# Finding arc length of polar Curve

1. Sep 9, 2013

### PsychonautQQ

1. The problem statement, all variables and given/known data
Find the arc length of polar curve 9+9cosθ

2. Relevant equations

L = integral of sqrt(r^2 + (dr/dθ)^2 dθ
dr/dθ = -9sinθ
r = 9+9cosθ

)3. The attempt at a solution

1. Simplifying the integral
r^2 = (9+9cosθ^2) = 81 +162cosθ + 81cos^2(θ)
(dr/dθ)^2 = 81sin^2(θ)

r^2 + (dr/dθ)^2 = 81 + 162cosθ + 81cos^2(θ) + 81sin^2(θ)
81sin^2(θ) + 81cos^2(θ) = 81

162 + 162cosθ = r^2 + (dr/dθ)^2

now I have to take the integral of the squareroot...

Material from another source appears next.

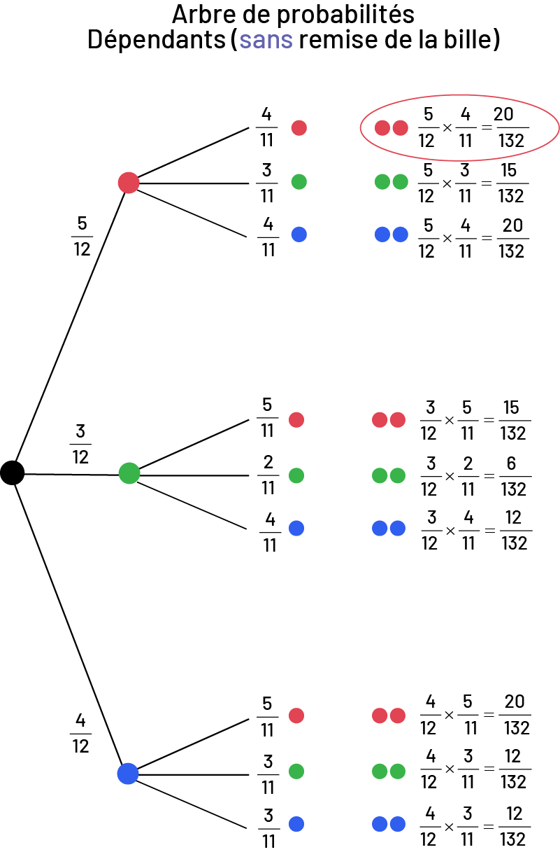 Image Arbre de probabilités dépendant, sans remise de la bille. Si à la première pige on a cinq probabilités sur douze de pigner une bille rouge, et qu’à la deuxième pige, on a quatre probabilités sur onze de piger une bille rouge : cinq sur douze multiplié par quatre sur onze égale vingt probabilités sur 132 de piger deux billes rouges. Cette équation est la seule de l’arbre à être encerclée en rouge. Si à la deuxième pige on a trois probabilités sur onze de piger une bille verte : cinq sur douze multiplié par trois sur onze égale 15 probabilités sur 132 de piger une bille rouge puis une bille verte. Si à la deuxième pige on a quatre probabilités sur onze de piger une bille bleue : cinq sur douze multiplié par quatre sur onze égale vingt probabilités sur 132 de piger une bille rouge puis une bille bleue. Si à la première pige on a trois probabilités sur douze de piger une bille verte, et qu’à la deuxième pige, on a cinq probabilités sur onze de piger une bille rouge : trois sur douze multiplié par cinq sur onze égale 15 probabilités sur 132 de piger une bille verte puis une bille rouge. Si à la deuxième pige on a trois probabilités sur onze de piger une bille verte : trois sur douze multiplié par trois sur onze égale neuf probabilités sur 132 de piger deux billes vertes. Si à la deuxième pige on a quatre probabilités sur onze de piger une bille bleue : trois sur douze multiplié par quatre sur onze égale douze probabilités sur 132 de piger une bille verte puis une bille bleue. Si à la première pige on a quatre probabilités sur douze de piger une bille bleue, et qu’à la deuxième pige, on a cinq probabilités sur onze de piger une bille rouge : quatre sur douze multiplié par cinq sur onze égale vingt probabilités sur 132 de piger une bille bleue puis une bille rouge. Si à la deuxième pige on a trois probabilités sur onze de piger une bille verte : quatre sur douze multiplié par trois sur douze égale douze probabilités sur 132 de piger une bille bleue puis une bille verte. Si à la deuxième pige on a quatre probabilités sur onze de piger une bille bleue : quatre sur douze multiplié par quatre sur douze égale seize probabilités sur 132 de piger deux billes bleues.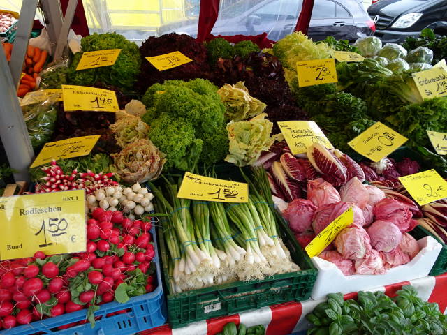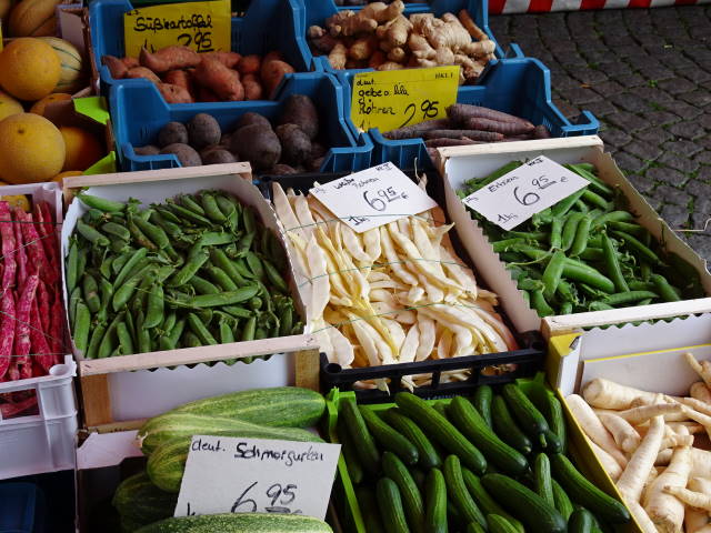駐車場へ戻る途中、広場に小さな朝市が立っていたので、ちょっとだけ見学。

Integral of sqrt(162 + 162cosθ)dθ
chain rule..?
(2/3)(162+162cosθ)^3/2*(162θ + 162sinθ)

Integrated between 0 and 2pi...?
which would lead to a crazy high number that I got as 3957501.966.
Anyone know where I went wrong?

2. Sep 9, 2013

### SteamKing

Staff Emeritus
Well, for one thing, your indefinite integration is wrong. You can't use the power formula because you don't have the proper du outside the square root. You need to use a trig substitution instead.

3. Sep 9, 2013

### Enigman

For the other thing please use LaTeX...just a suggestion.

4. Sep 9, 2013

### PsychonautQQ

Sorry i'll learn LaTex soon, in a bit of a pinch at the moment.

is the final integral end up being
integral of(162 + 162cos(theta) ???

5. Sep 9, 2013

### CAF123

Yes, a half angle sub will help to evaluate it.

6. Sep 9, 2013

### PsychonautQQ

Why use a half angle sub? Doesn't it just come out to 162θ+162sinθ between 0 and 2∏?

7. Sep 10, 2013

### CAF123

Sorry,I misread what you wrote: it should have been $$\int_0^{2\pi} \sqrt{162 + 162\cos\theta}\,d\theta,$$ which you will need to use a trig sub to evaluate. Factor out the 162 from the sqrt first.